We might like to think that voters are immune to such transparent moralistic pandering, but even in 2016, the popular perception of the porn industry remains that of Sodom and Gomorrah with cameras, populated by drug-addicted, diseased degenerates. Which is ridiculous, when the evidence points to the absolute opposite. The average performer is tested for seven different STIs every two weeks. After all, when fucking is your livelihood, it is simple common sense to look after yourself -- and studios feel the same way.

"As a gay man who lived through the worst of the AIDS epidemic in this country, I take accurate portrayals of transmission very seriously," says writer and documentary-maker Mike Stabile. But he simply isn't convinced that there are sufficient grounds to justify a bill like Prop 60: "There are probably 1,500 working performers at any given time. We're talking about spending millions of dollars on patrol of 1,500 people. It's hard for me to say that yes, this is a public health measure."

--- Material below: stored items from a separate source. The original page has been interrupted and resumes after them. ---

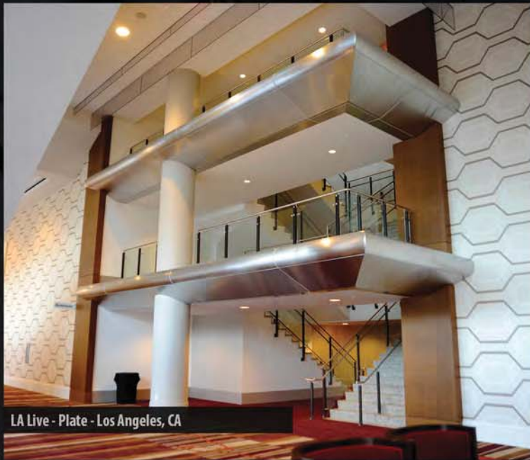
LA Live - Plate - Los Angeles, CA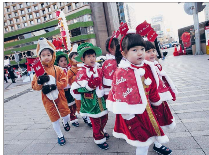
Children in Seoul on Nov. 26.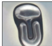
Air Supra Condyle Pad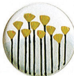
Dahl makes customized dish sets for wedding registries. Ginkgo leaf plate, $90.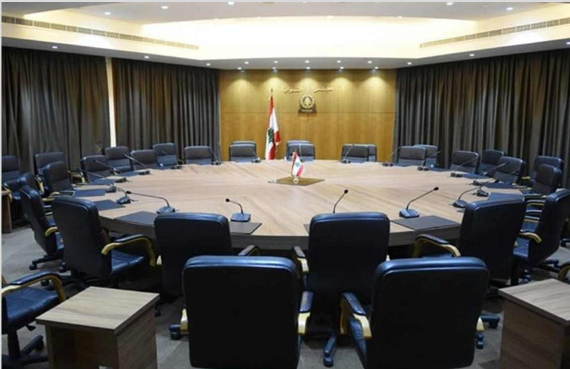
Photo: Dialogue table, Lebanese Parliament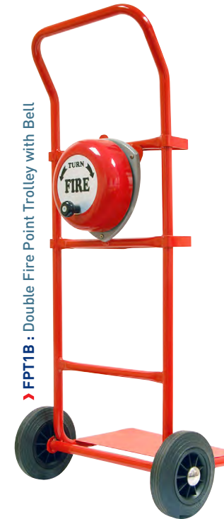
➤ FPT1B : Double Fire Point Trolley with Bell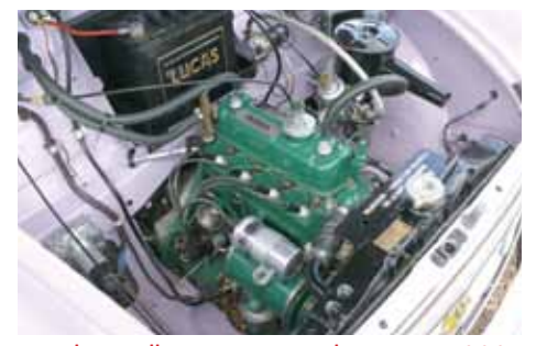
Mechanically same as regular Minor 1000.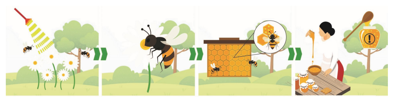
Figure 1. Honeybee exposure to pesticides and arrival of agrochemical residues in honey. Honeybees mostly perform pollination from plants linked to agrochemical processes for pest control. The pesticide is introduced into the animal's metabolism by dermal contact and/or ingestion of the plant products. Within all the metabolic processes of the bee residues of pesticides (direct or biotransformed) to bee products such as honey, there is a concern about the components of this matrix. Modified from Crenna et al. (2020).

The direct interaction of bees and nectar of pollinated plants is the source of the arrival of pesticides to honey since many of them are found in crops that receive agrochemical treatment with these compounds. Although the bee is the agent directly affected, many of these pesticides through their transformation or their residues can accumulate in honey and other bee products, as shown in Figure 1 (Belsky & Joshi, 2020; Vargas-Valero et al., 2020). Pesticides found in honey are considered persistent organic pollutants (POPs), which can persist in the environment through bioaccumulation in different matrices and biomagnifies in ecosystems, and have properties of chronic toxicity, one of their main compounds being lindane (Wang et al., 2019). Some of these POPs are classificated as "commonly used pesticides (CUP)", which are more water-soluble, less persistent, and less bioaccumulative than other POPs, including organophosphates such as chlorpyrifos (Adeyinka et al., 2022). However, their massive use and extensive amounts represent a critical hazard for those organisms that interact with the matrices containing the product, due to their carcinogenic, neurotoxic, adverse growth, endocrine disruption, or respiratory effects (Degrendele et al., 2022; Villalba et al., 2020).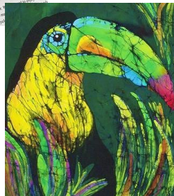
"Batik" Toucan 8/10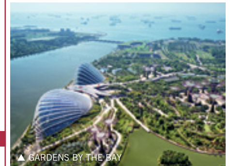
▲ GARDENS BY THE BAY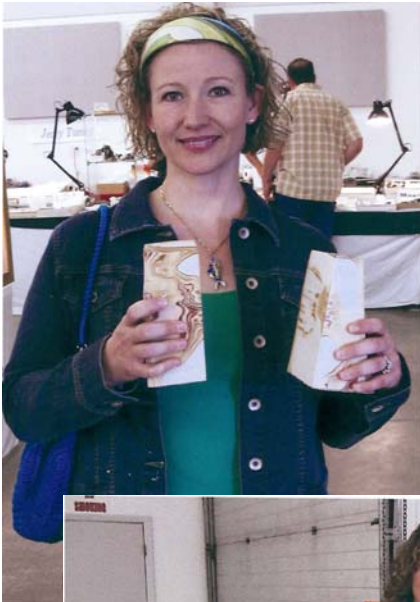
Winners of the grand prizes— The young lady on the left who got the bookends and books was on her way back to Utah after a visit. And the smiling blond girl on the right was awarded the beaded snowflake obsidian necklace.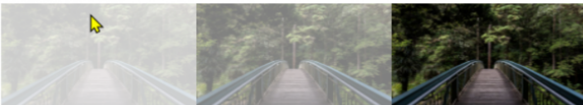
Image with 20% opacity: Image with 50% opacity: Image with 100% opacity:

The opacity property specifies the Transparency of an element. The lower the value, the more transparent: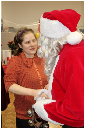
Telling secrets to Santa!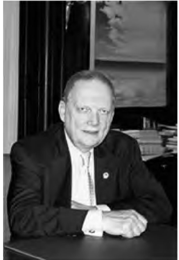
Ambassador Luigi R. Einaudi

What countries matter for United States foreign policy? They all matter. The problem with the Bush administration is that it did not listen. Other countries felt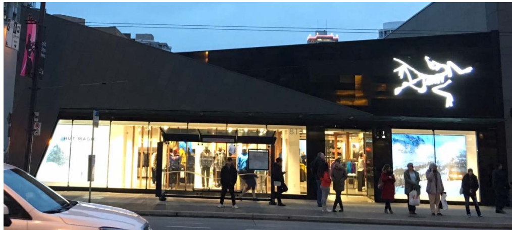
Figure 2: View of existing fascia sign

The disproportionate nature of the bill is baffling. Taking current studio practices into account, porn performers are a low-risk group, whereas the general population suffers from a severe lack of education and funding around HIV/AIDS awareness and prevention. In fact, sexual health and wellbeing continues to be an under-resourced sector globally.

But why address such a large and complex issue when you can home in on an easy target, and claim a quick win in the name of doing the right thing? Because to pearl-clutching conservatives, liberals who decry the sex industry as exploitative, and the tunnel-visioned AHF, these people's livelihoods are mere collateral.